We now turn to K&K’s critique of the model theory. We deal first with their criticisms of its three main predictions. We introduce three of its other predictions whose corroborations refute the inference-guessing theory. Finally, we address their analysis of fitting theories to data.

The Three Main Predictions of the Model Theory

Prediction 1: Only the four canonical selections should occur more often than chance

The model theory postulates that the meaning of a general conditional, if p then q, refers to the possibility of p and q in default of knowledge to the contrary and to the possibility of not-p whether the conditional is true or false (Johnson-Laird et al. 2015). It follows that a general conditional is true given that there is at least some example of p and q and no counterexamples of p and \( \overline{\mathrm{q}} \). The theory therefore predicts that four canonical selections should occur more often than chance: pq and p, which are examples of the hypothesis depending on whether or not it is interpreted as implying its converse; pq\( \overline{\mathrm{q}} \), which reflects partial insight into falsification; and p\( \overline{\mathrm{q}} \), which reflects complete insight. Any other of the 16 possible selections should not occur more often than chance (6.25%). The theory recognizes that all cognitive experiments may have participants who cannot or will not do the task, who guess, or who make eccentric selections or none at all, e.g., one of Wason’s initial participants, alas, went into a catatonic trance. K&K write: “[Guessing processes] play a critical role when evaluating the merit of competing theories, especially when doing so on the basis of aggregate data.” But guesses, refusals, and eccentricities, which fall into their category of “guesses”, do not elucidate the mental processes underlying the testing of hypotheses. Their analogs occur in other cognitive tasks, such as syllogistic reasoning.

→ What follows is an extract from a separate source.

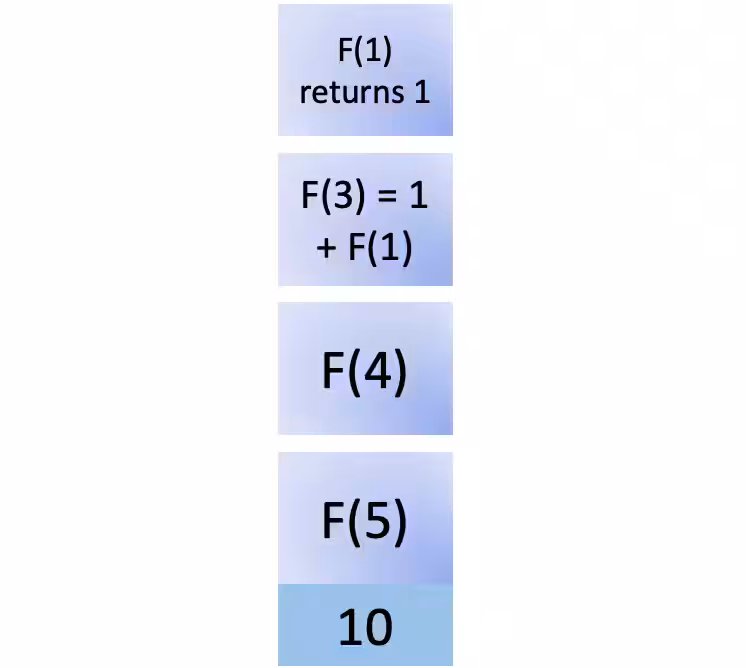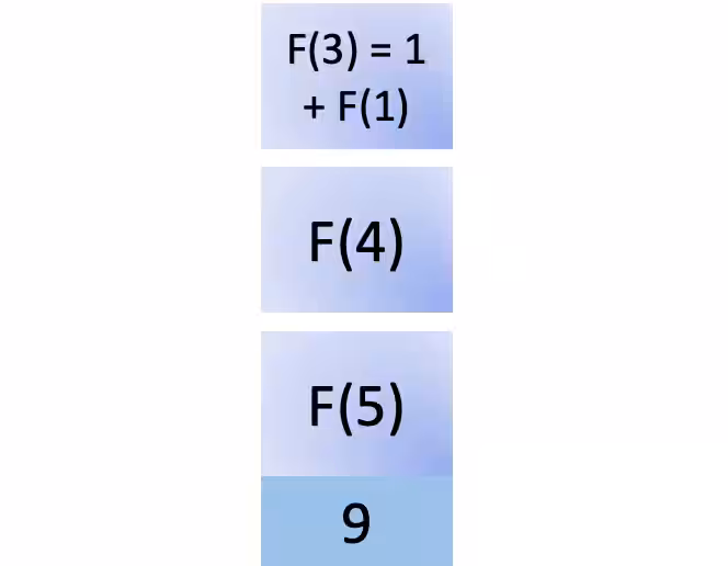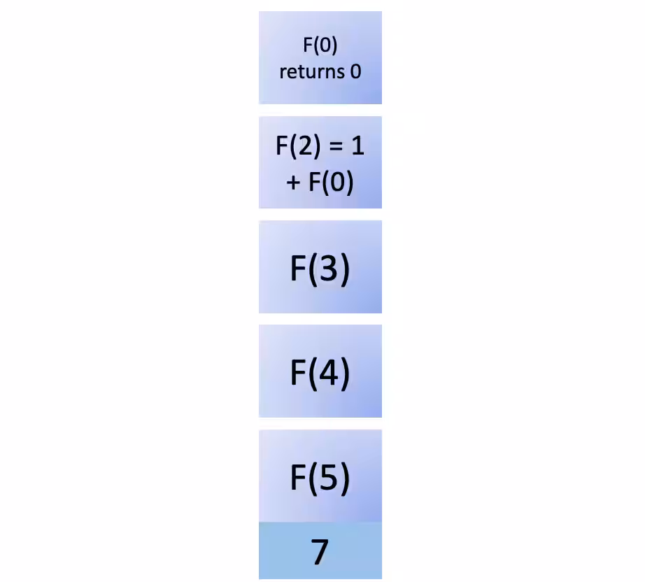 Jetzt hat F(5) alle Werte, die es zur Berechnung seines eigenen Wertes benötigt. Sie erhalten 5, indem Sie 3 und 2 addieren, und das ist der letzte Schritt, bevor Sie den F(5)-Aufruf vom Stapel nehmen. Diese Aktion beendet Ihre Folge rekursiver Funktionsaufrufe:

K&K claim that there is no clear rationale for treating certain selections as canonical and others as “idiosyncratic and rare”. In fact, a clear rationale existed from the beginning: All and only selections occurring more often than chance should be treated as canonical. Three selections occurred more often than chance in the initial studies (see above), and we added the correct selection, in part because it is correct and in part because over 30% of participants made it in another early study (Wason 1969). Subsequent experiments confirmed these four selections as canonical, but they also raised the frequencies of two other selections to a marginal status (of 6% over all contents): q alone, and all four cards: p\( \overline{\mathrm{p}} \)q\( \overline{\mathrm{q}} \) (see Ragni et al. 2018, Table 2). As Ragni et al. argued, good theoretical grounds exist for rejecting these selections as idiosyncratic in the standard selection task.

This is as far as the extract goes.